Building RAG Systems: Retrieval-Augmented Generation for Developers

RAG (Retrieval-Augmented Generation) solves one of LLMs' biggest limitations: they don't know about your private data or recent events. RAG lets you give the model relevant context at query time — without expensive fine-tuning.

RAG pipeline diagram — documents flow through indexing into a vector store, then are retrieved at query time to augment the LLM prompt

How RAG Works

╔══════════════════════════════════════════════════════════════╗
║  INDEXING PIPELINE (runs once / on updates)                  ║
║                                                              ║
║  Documents → Chunk → Embed → Store in Vector DB             ║
║  (PDF, MD, HTML)   (512 tokens)  (text-embedding-3-small)   ║
╚══════════════════════════════════════════════════════════════╝

╔══════════════════════════════════════════════════════════════╗
║  QUERY PIPELINE (runs on every user question)                ║
║                                                              ║
║  User Question                                               ║
║       │                                                      ║
║       ▼                                                      ║
║  Embed query ──► Vector Search ──► Top-K chunks             ║
║                                          │                   ║
║                                    Reranker (optional)       ║
║                                          │                   ║
║                                    LLM + context             ║
║                                          │                   ║
║                                    Answer + sources          ║
╚══════════════════════════════════════════════════════════════╝

Step 1: Document Ingestion and Chunking

The chunking strategy has the largest impact on RAG quality.

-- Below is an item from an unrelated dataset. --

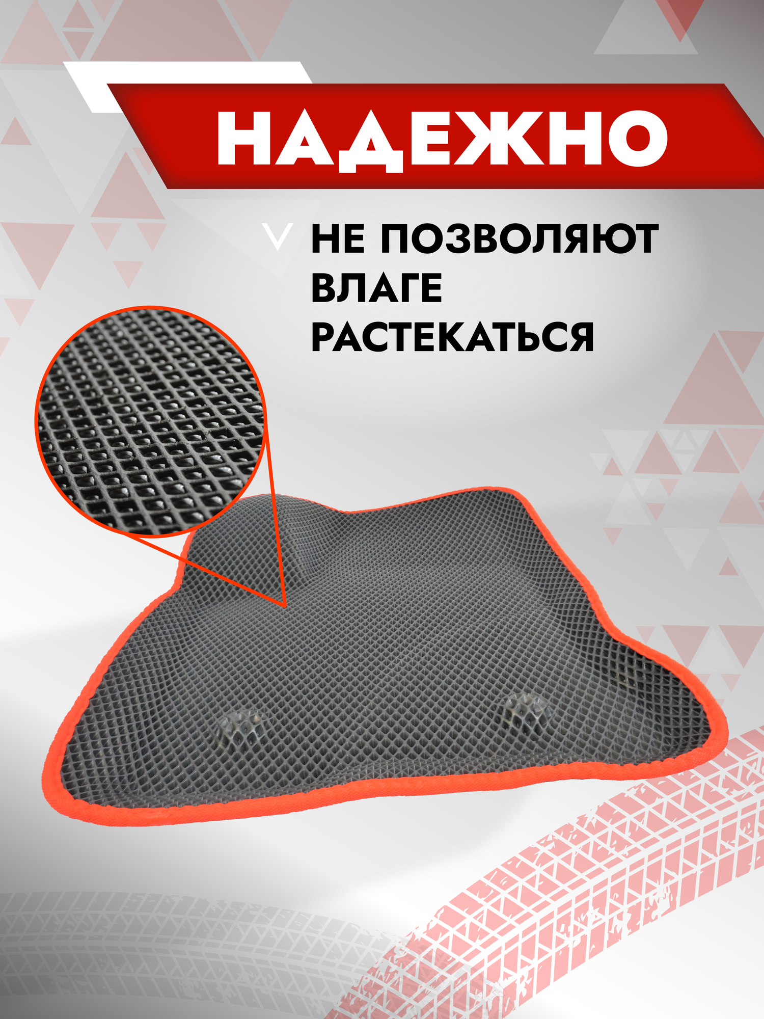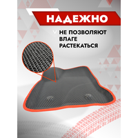 Формованные коврики EVA выполнены из приятного и лёгкого материала Ethylene Vinyl Acetate, который обеспечивает постоянный комфорт и удобство. Варианты цвета окантовки - Черный, синий, красный, серый. Глубокая ячеистая структура хорошо удерживает воду и мусор даже во время активного вождения автомобиля. Чтобы очистить коврики от скопившейся грязи, достаточно перевернуть их. Материал ковров прекрасно переносит высокие и низкие температуры, спокойно переносит контакты с химическими реагентами. Не деформируется и не пахнет при жаре до +50 °С, не становится хрупким и не трескается при морозе до -40 °С. Данные ковры изготавливаются на пресс-формах, идеально повторяют параметры ковролина вашего авто.
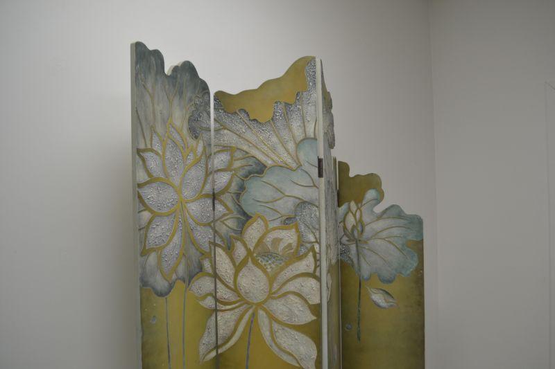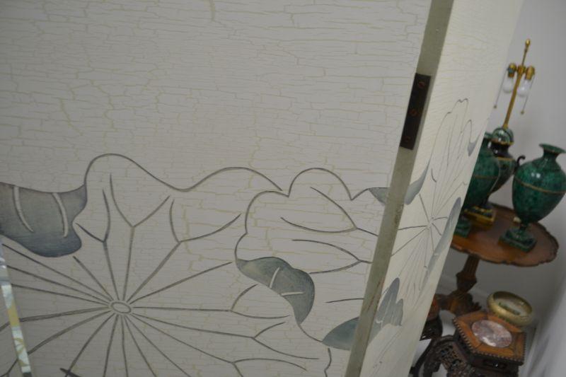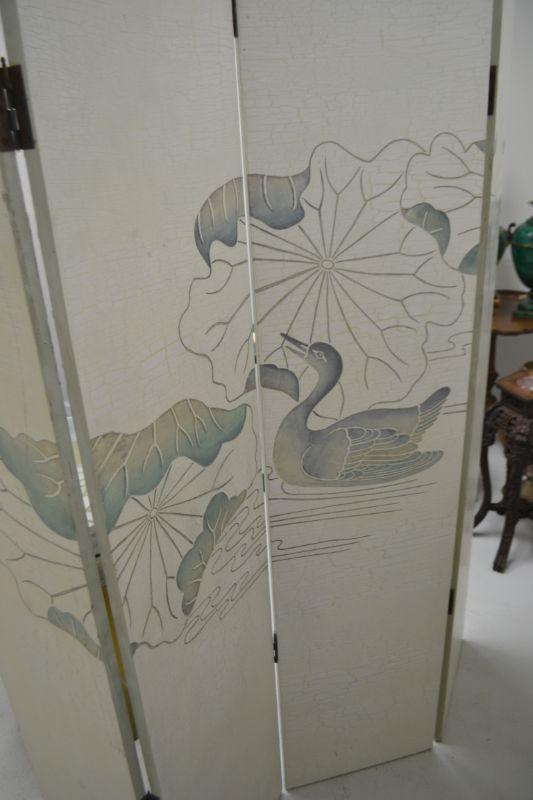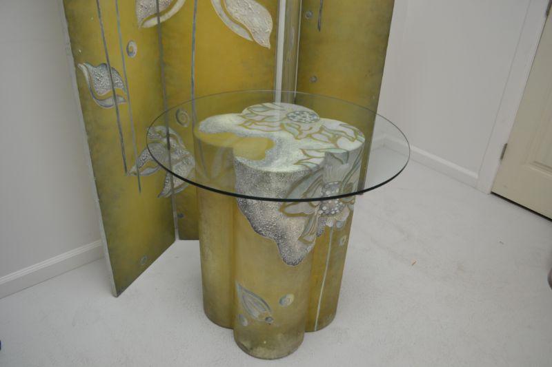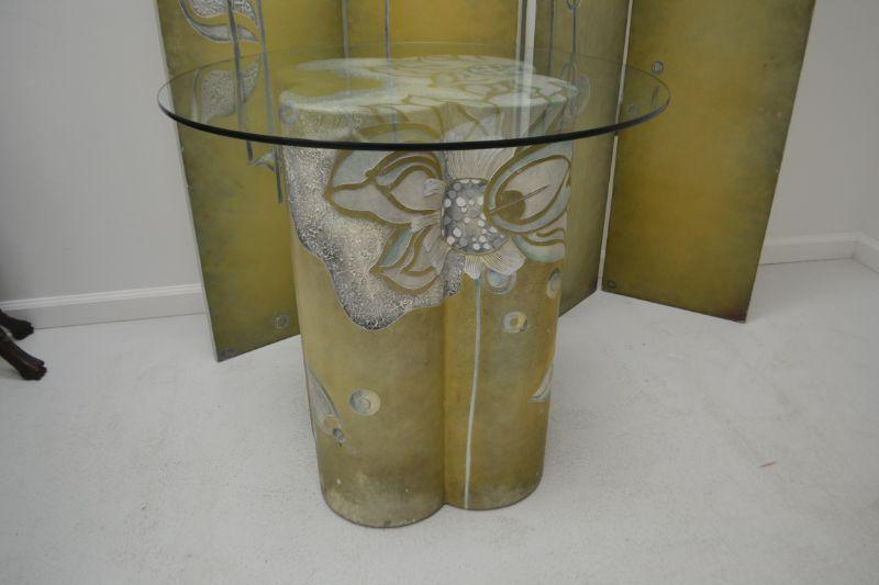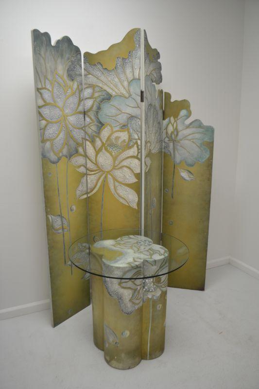 CARVED WOOD FOLDING 4 PANEL ROOM DIVIDER WITH MATCHING TABLE WITH GLASS TOP (NEEDS CLEANING, VERY NICE QUALITY ITEM). EACH PANEL IS 16" WIDE, SHORTEST PANEL IS 69" TALL, TALLEST PANEL IS 84" TALL

from langchain.text_splitter import RecursiveCharacterTextSplitter

# RecursiveCharacterTextSplitter tries to split on paragraph → sentence → word
splitter = RecursiveCharacterTextSplitter(
    chunk_size=512,        # tokens per chunk
    chunk_overlap=64,      # overlap prevents context loss at boundaries
    separators=["\n\n", "\n", " ", ""],
)

chunks = splitter.split_text(document_text)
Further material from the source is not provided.